4. WTI crude prices. The 3.1 Bcf/d of associated gas is only "protected" so long as oil production remains economic. A crude price decline below $55/bbl would begin to stress Rockies oil wells, potentially unlocking associated gas curtailments that our base case assumes away. Conversely, oil prices above $75/bbl could accelerate DJ Basin oil drilling and push associated gas volumes higher, further depressing regional gas prices.
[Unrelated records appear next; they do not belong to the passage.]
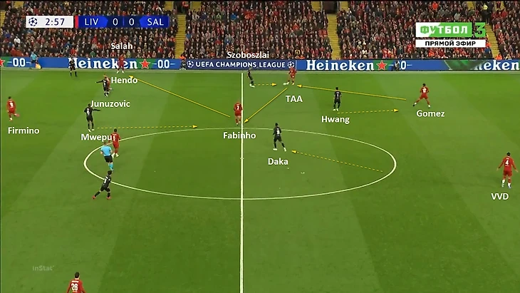 Матч с Ливерпулем был гибким по части прессинга и интересным в плане подстроек под соперника. Изначально Зальцбург вышел в расстановке 4-2-2-2 (и в атаке, и в обороне), которая считается основной в этом сезоне. Главная история начала первого тайма – свобода Фабиньо, которую он получал из-за пробелов в прессинге.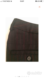 Pantaloni DOLCE & GABBANA originali - tg. 44 (larghezza vita 41 cm) - 90%lana 8% nylon 2% elastan - leggerissimo gessato a righine bordeaux su fondo antracite - taglio a sigaretta - spacchetto al fondo - chiusura con cerniera e doppio bottone centrale - due taschine davanti e due dietro chiuse con bottone.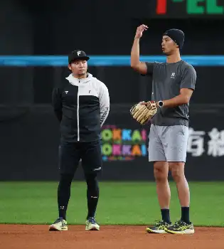 日本ハム・今川 憧れのダルビッシュと初対面に「めっちゃ感動」 練習後に2S撮影「家宝に」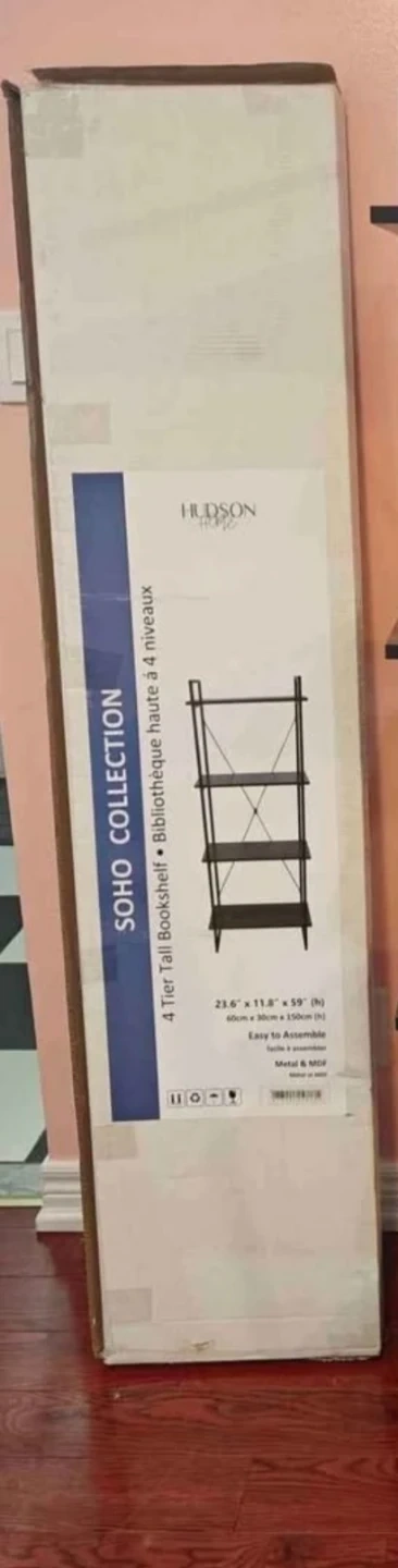 This bookshelf features a black metal frame with four wood-look MDF shelves. Dimensions are 23.6" wide, 11.8" deep, and 59" tall (60cm x 30cm x 150cm). It's easy to assemble. Offers convenient storage for books or decor!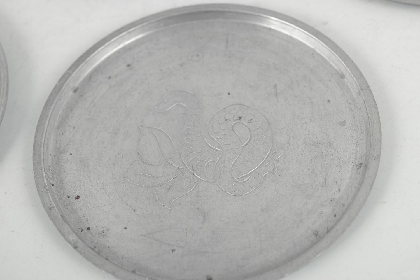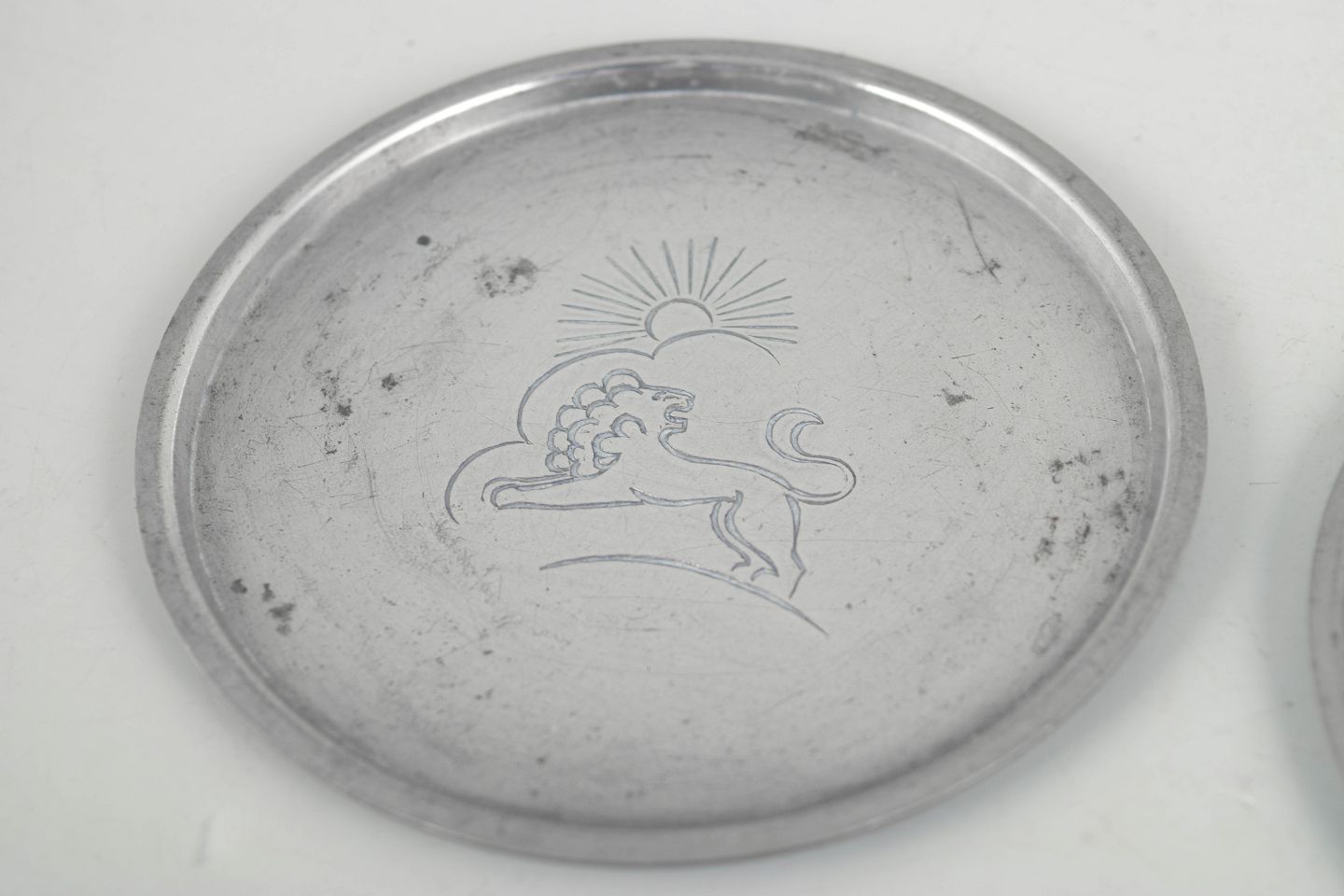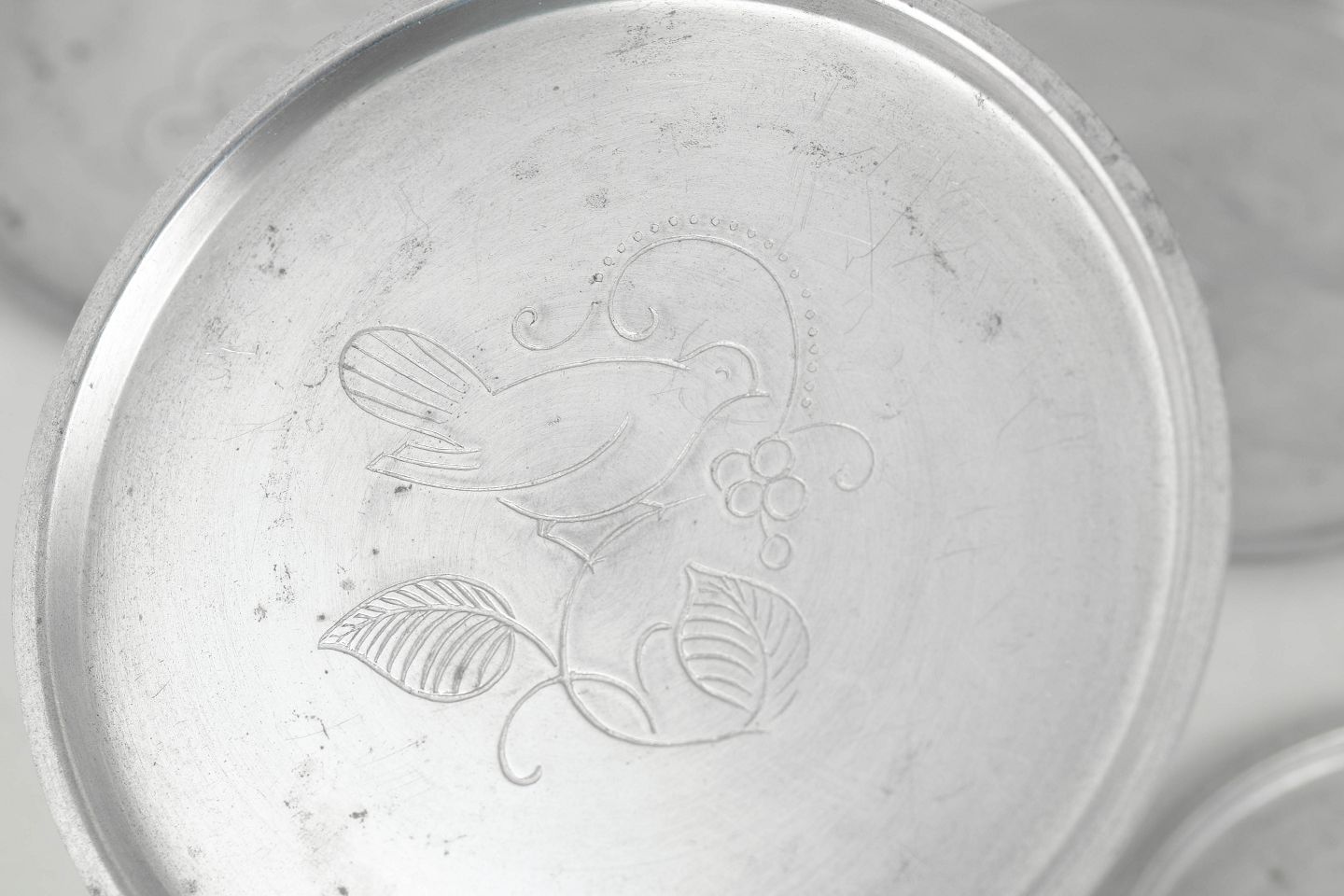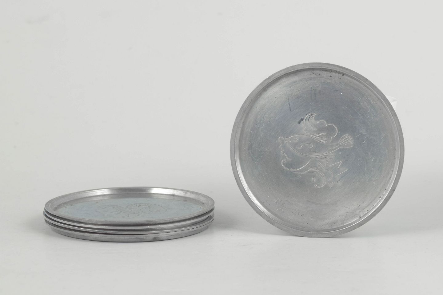 Sæt af fem flaskeunderlag i tin med indgraverede dyremotiver i et stiliseret art deco formsprog. Model 1176.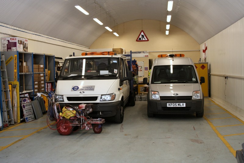 Details: Another view of the Carlisle Lane depot used by Transport for London, taken (with permission) on 6th August 2007. Resident at the time were second-hand Ford Transit 5728F (transferred from Metronet and hence in LUL white/blue livery), and Connect 5774F in as-delivered silver livery. Note how clean and tidy the floor is kept. |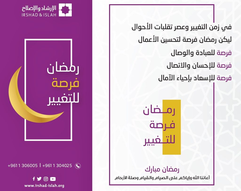 تحت شعار “رمضان فرصة للتغيير” أطلقت جمعية الإرشاد والإصلاح أعمالها الرمضانية لعام 2022م – 1443هـجرية .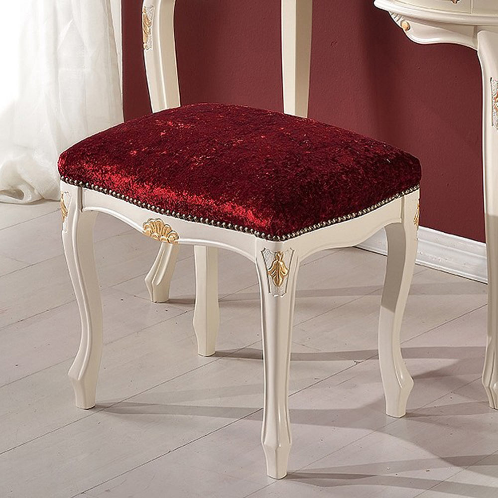 Puf de estilo clásico en madera de nogal y tejido Made in Italy.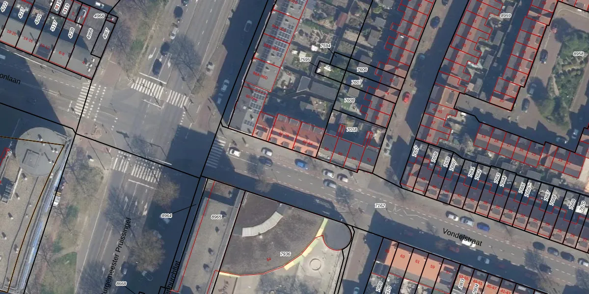Vondelstraat 64 is gelegen op kadastraal perceel VDG00D8963. Deze kadastrale aanduiding is uniek en wordt gebruikt door het Kadaster om eigendomsrechten en andere zakelijke rechten vast te leggen. Het perceel maakt onderdeel uit van de kadastrale gemeente Vlaardingen.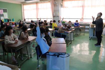 朝会の後、学級で話し合ったり、さっそく行動したりするなど、私の話からさらに考える時間をもつ学級がたくさんありました。

5. Pipeline maintenance schedules. Rockies takeaway constraints (particularly on Cheyenne Plains, Colorado Interstate, and Rockies Express) can exacerbate basis blowouts during maintenance season. Monitor Hyperion pipeline flow data and operator critical notices for planned outages that could temporarily strand production and force involuntary curtailments.
Conclusion
At $1.00–$1.40/MMBtu, Rockies natural gas prices are testing the variable cost floor for a meaningful but ultimately limited share of the region's production. The associated gas buffer—roughly 30% of total output—provides a structural floor beneath which production cannot fall absent an oil price collapse. Our scenario analysis suggests 0.3–1.3 Bcf/d of non-associated gas faces cash-cost curtailment risk, though practical considerations (MVCs, restart costs, hedges) will keep realized shut-ins at the lower end of that range. The more important story is the drilling response: at current prices, new dry-gas development in the Rockies is uneconomic, and the resulting investment drought will steadily erode production at 5–8% annually. For traders and analysts, the signal to watch is not sudden shut-in announcements but rather the slow grind lower in rig counts and the eventual production base decline that follows.